REPUBLIKA.CO.ID, JAKARTA -- Anggota Komisi III DPR Nasir Djamil menilai hak angket yang diwacanakan Wakil Ketua DPR Fahri Hamzah sebenarnya ingin menguji apakah partai-partai politik yang anggotanya diduga terlibat korupsi KTP Elektronik (KTP-el), memiliki nyali kebenaran dan kejujuran. "Sebab hampir semua anggota parpol tersebut membantah menerima aliran dana korupsi tersebut," kata Nasir di Jakarta, Selasa (14/3).
Dia menjelaskan logikannya jika tidak menerima, maka bentuk dan gulirkan hak angket untuk mengetahui secara rinci apakah ada unsur lain selain penegakan hukum yang dilakukan oleh KPK. Menurut dia, pembentukan dan menggulirkan hak angket adalah cara DPR untuk memastikan dan menjaga keseimbangan serta agar tidak terjadi pembusukan terhadap DPR itu sendiri. "Dalam suasana seperti ini tentu tudingan negatif selalu diarahkan ke DPR," ujarnya.
Sebelumnya Wakil Ketua DPR Fahri Hamzah menjelaskan alasan dia mengusulkan penggunaan angket kasus KTP-el yang menyeret sejumlah pejabat negara, petinggi partai politik dan anggota-anggota dewan. Fahri mengungkapkan hak angket dibutuhkan untuk menggali keterangan soal kronologis masuknya nama-nama tokoh politik dalam berkas dakwaan dua mantan pejabat Kemendagri.

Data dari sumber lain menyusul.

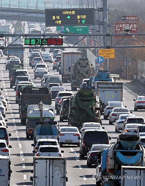 (서울=연합뉴스) 김인철 기자 = 지난해 국내 경유(디젤)차 등록 대수가 처음으로 10만대 아래로 떨어진 것으로 나타난 7일 서울 마포구 강변북로 구리방향에 배출가스 5등급 운행제한 단속 카메라가 설치돼 있다.
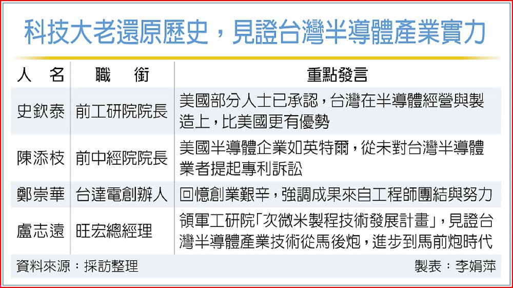 史欽泰、前中華經濟研究院院長陳添枝、台達電創辦人鄭崇華、旺宏總經理盧志遠等人,以見證人身份表示,台灣靠的是政府支持、產業生態系與工程師的累積努力,「台灣沒有偷美國晶片技術!」史欽泰與陳添枝指出,台灣半導體產業的起步沒有抄襲,而是透過合法技術購買與國際合作。

"Menurut saya itu perlu ada klarifikasi terbuka, yaitu tentang bagaimana caranya nama-nama itu masuk dalam list dan apa yang sebetulnya terjadi di masa lalu," kata Fahri di Jakarta," Senin.

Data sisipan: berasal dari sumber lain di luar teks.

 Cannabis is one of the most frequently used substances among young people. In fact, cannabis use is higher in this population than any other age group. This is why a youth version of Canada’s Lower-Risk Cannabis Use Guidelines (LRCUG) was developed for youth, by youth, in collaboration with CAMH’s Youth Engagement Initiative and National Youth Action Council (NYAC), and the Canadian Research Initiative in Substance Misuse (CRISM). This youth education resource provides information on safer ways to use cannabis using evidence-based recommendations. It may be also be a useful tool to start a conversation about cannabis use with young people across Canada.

Fahri melihat kasus KTP-el tergolong unik dan tidak yakin korupsi sebesar Rp 2,3 triliun itu merupakan hasil //kongkalikong antara anggota-anggota DPR dan pemerintah.
Dia menilai munculnya korupsi penambahan anggaran proyek KTP-el terjadi saat anggota DPR dan Menteri Dalam Negeri periode lalu Gawaman Fauzi sama-sama baru dilantik. "Karena yang unik di kasus ini kan kasusnya terjadi persis setelah anggota DPR periode lalu dilantik. APBN-P sebetulnya. Mulainya November 2009, artinya anggota DPR periode lalu persis pada awal dilantik dan bisa dibilang Pak Gamawan juga baru dilantik," katanya.
Dia mengaku heran bagaimana Gamawan dan anggota-anggota DPR bisa membuat kesepakatan bersama untuk melakukan korupsi dengan mengatur penambahan anggaran KTP-el menjadi Rp 5,9 triliun.